US yacht brokers hit with lawsuit over commission fees
A new lawsuit alleges that the world’s largest yacht sales agency, and other brokers, are charging ‘inflated’ sales commissions that fleece boat sellers.
The plaintiff in the proposed class action lawsuit, which was filed on Thursday in the US District Court in Miami, Florida, is Wyoming-based boat seller Ya Mon Expeditions LLC. The firm is controlled by Pennsylvania real estate executive Davin Lamm.
The case has been filed against several companies and major industry players, including the International Yacht Brokers Association; Boats Group LLC, operator of Boat Trader, Yacht World and Boats.com; Denison Yacht Sales; Allied Marine; United Yacht Sales; MarineMax; and Northrop & Johnson Yacht Ships. The majority of defendants are headquartered in Florida.
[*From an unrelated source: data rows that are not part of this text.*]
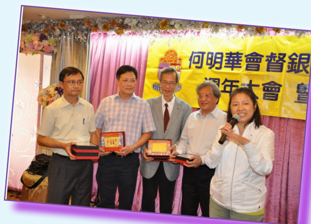
校友向榮休老師致送紀念品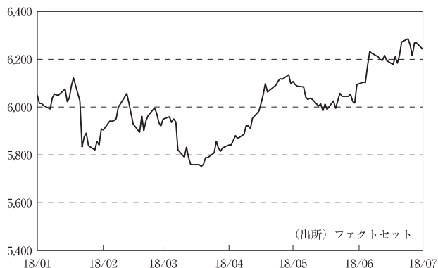
オーストラリア株式指数（ASX200）の推移

期の後半は、2018年1-3月期のGDP成長率が市場予想を上回るなど、国内景気の好調さが好感されたことから、株式市場は強含みとなりました。債券利回りの低下や、不正行為に関する調査を受け低迷していた銀行株が値を戻したことなども、株価を押し上げました。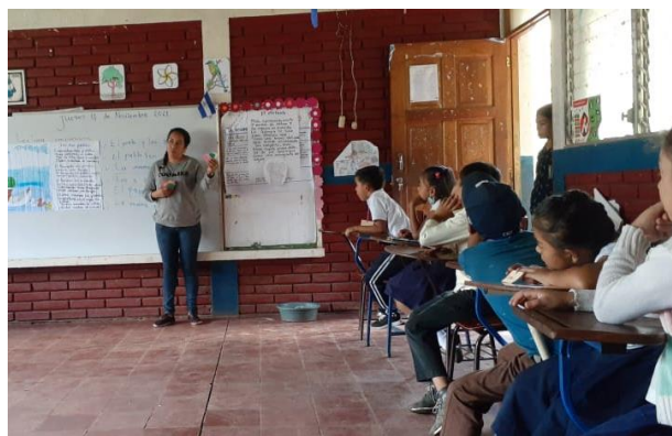
Figura 2. Economía de ficha Fuente: estrategias

El 29 de agosto del 2022: Se le presentó y entregó una estrategia a la docente para que ella la aplicara en el aula de clases llamada “ Economía de fichas ”, ésta tenía como objetivo que, al inicio de las clases, se les entregaría cinco fichas a cada alumno y por cada conducta inapropiada durante el transcurso de las clases se les restaría

Ya Mon Expeditions claims that the defendants are coercing sellers to pay 10 per cent commission on a vessel’s sales price — an amount that is split between agents on both sides in a yacht sale. To show a yacht on a listing service, sellers must agree to the commission, according to the lawsuit. The lawsuit centres on yacht commission fees and claims this violates antitrust law.
In January 2023, Lamm sold a 58ft sportfish boat named Click Bait in Wanchese, North Carolina, using several of the named multiple listing services (MLS). As part of that sales transaction, worth $1m, YME paid a ‘substantial broker commission’ of 10 per cent.
The lawsuit argues that seller-brokers list their client’s vessels on an MLS, as required by IYBA and YBAA rules, among others, to ensure that buyer-brokers and prospective buyers are aware of the vessel being listed for sale. If a seller-broker does not list a client’s vessel on an MLS, most buyer-brokers will not show that vessel to prospective buyers. These MLS listings are also the main source sources for listings on websites such as YachtWorld.
“These outdated, anti-competitive practices have no justification,” the plaintiff’s lawyers said in a statement on Friday.
Reuters reported Friday that International Yacht Brokers Association and defendants including United Yacht Sales and Yacht Brokers Association of America did not immediately respond to requests for comment.
Boats Group owner, investment firm Permira Advisers, which was also named as a defendant, has also reportedly declined to comment.
The case has parallels with a wave of recent cases in the US revolving around the real estate industry, which claim ‘buyer broker’ commissions — required for sellers to list their properties — violate antitrust laws.